The validation capability is disabled by default. When you enable validation, each OpenAPI
document that is provided by the application is validated against the constraints declared in the
OpenAPI V3 specification by the openapi-3.0
feature. If
openapi-3.0
finds an OpenAPI document that is not valid, the feature reports an
error in the logs for each violated constraint. The invalid document is excluded from the aggregated
OpenAPI document that is returned by the api/docs endpoint. To enable
validation, set the validation
attribute to true in the
server.xml file.
<openapi validation="true"/>
-
Deploy your applications.
-
View the generated API document in a browser.
You can find your generated API document at the /api/docs endpoint by using
one of the following URLs, depending on whether your API is public or private.
- For non-SSL public APIs, view your document at
http://Liberty_host:http_port/api/docs.
- For SSL public APIs, view your document at
https://Liberty_host:https_port/api/docs.
- For SSL private APIs, view your document at
https://Liberty_host:https_port/ibm/api/docs.
Tip: By default, two endpoints are available for a server.
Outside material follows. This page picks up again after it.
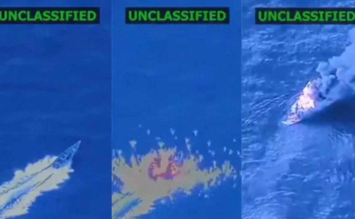 El Pentágono divulgó un video que muestra a la lancha navegando en mar abierto hasta que es alcanzada por una explosión que la envuelve en fuego y humo. La embarcación quedó en llamas en la superficie, mientras los restos ardían en medio del mar Caribe.
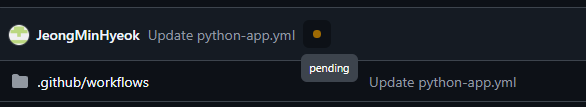 commit과 merge가 끝나게 되면, 커밋 메시지 옆에 주황색 불이 켜지는데, 이는 Github Actions가 실행되고 있다는 것을 뜻한다.

- GET http://Liberty_host:http_port/api/docs
- GET http://Liberty_host:http_port/api/explorer
You can customize URLs for public endpoints with the
publicURL
attribute in
the
server.xml file. The following example illustrates the configuration in the
server.xml file to make the public REST API documentation available with
GET http://Liberty_host:http_port/myAPI/docs and
http://Liberty_host:http_port/myAPI/explorer.
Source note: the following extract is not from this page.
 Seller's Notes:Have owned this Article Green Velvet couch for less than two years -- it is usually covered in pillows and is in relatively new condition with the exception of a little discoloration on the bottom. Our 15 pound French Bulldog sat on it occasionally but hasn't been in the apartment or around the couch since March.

<openapi publicURL="myAPI" />
The OpenAPI document is generated and aggregated across applications for that Liberty server. The document is in YAML format by
default. When you view your documentation with Microsoft
Internet Explorer 11, it returns a YAML document that is not properly formatted. As a workaround,
use a browser such as Mozilla Firefox or Google Chrome browser. If the http request has
an Accept
header with an application/json
value, the document is
in JSON format.
Tip: You can filter the OpenAPI document by context root. Both the public endpoint
(api/docs) and the private endpoint (ibm/api/docs) support
a query parameter, root
, that can filter the found context roots. For example, a
call to GET
http://Liberty_host:http_port/api/docs?root=/myApp
retrieves an OpenAPI V3 document that has only the documentation for the myApp
context root.
Results
The OpenAPI User Interface renders the aggregated definitions from /api/docs
to display a human-friendly UI at
http://Liberty_host:http_port/api/explorer.
If you enable SSL, you can access the protected UI at
https://Liberty_host:https_port/api/explorer.
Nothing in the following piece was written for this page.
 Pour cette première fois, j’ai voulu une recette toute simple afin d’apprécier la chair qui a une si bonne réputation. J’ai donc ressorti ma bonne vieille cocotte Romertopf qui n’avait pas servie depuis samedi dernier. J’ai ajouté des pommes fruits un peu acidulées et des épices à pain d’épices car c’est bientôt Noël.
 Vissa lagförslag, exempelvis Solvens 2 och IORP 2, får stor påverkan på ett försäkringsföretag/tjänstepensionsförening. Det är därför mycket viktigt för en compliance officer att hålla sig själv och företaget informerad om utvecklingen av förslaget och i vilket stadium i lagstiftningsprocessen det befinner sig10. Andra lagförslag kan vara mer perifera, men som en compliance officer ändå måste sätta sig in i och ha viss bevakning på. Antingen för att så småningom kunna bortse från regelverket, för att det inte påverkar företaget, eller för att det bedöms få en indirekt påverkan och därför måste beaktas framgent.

You can browse the private web modules by enabling the
enablePrivateURL
attribute in the
openAPI
element of the
server.xml file.
<openapi enablePrivateURL="true"/>
When the private web module browsing
is enabled, use
https://Liberty_host:https_port/ibm/api/explorer
to display the human-friendly UI for both public and private web modules.
You can view all RESTful endpoints from your application in this user interface. You can also
filter displayed endpoints to focus on specific applications.